My picture above shows the gloomy reality of these shortest of days taken at 3.40pm while I was exiled from the house as the recording of Downton Abbey was played back. Because that festive horror was so long I had time to penetrate far into the woods and take this snap earlier on the walk...



...it doesn't look like much but actually there are about forty deer in the picture as you can just see from this blurry close-up...



Having avoided Downton I decide to give its writer Julian Fellowes another chance by watching his 2009 film "The Young Victoria" which is on the box. The actors do their best but can't make anything worthwhile out of the wooden script which patronises the audience by oversimplifying the subtle development of the young queen.

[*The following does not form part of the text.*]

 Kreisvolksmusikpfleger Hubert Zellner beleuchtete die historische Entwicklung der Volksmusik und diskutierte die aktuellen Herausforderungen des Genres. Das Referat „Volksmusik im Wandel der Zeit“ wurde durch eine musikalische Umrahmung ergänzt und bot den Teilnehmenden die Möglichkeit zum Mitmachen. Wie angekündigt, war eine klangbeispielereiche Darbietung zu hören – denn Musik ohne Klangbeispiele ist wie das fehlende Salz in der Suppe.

Her real passion for young Albert, which was truly a great romance, becomes voyeuristic and banal in this film. But the final straw comes when Albert is gunned down by a would-be regicide so that young Vic can nurse him back to health. This of course just didn't happen as the attacker missed completely and the royal couple were unhurt. The writer evidently felt he needed to spice up his plodding plot but in fact the story could have been much more exciting if based on the true story - but it would have to have been well-written.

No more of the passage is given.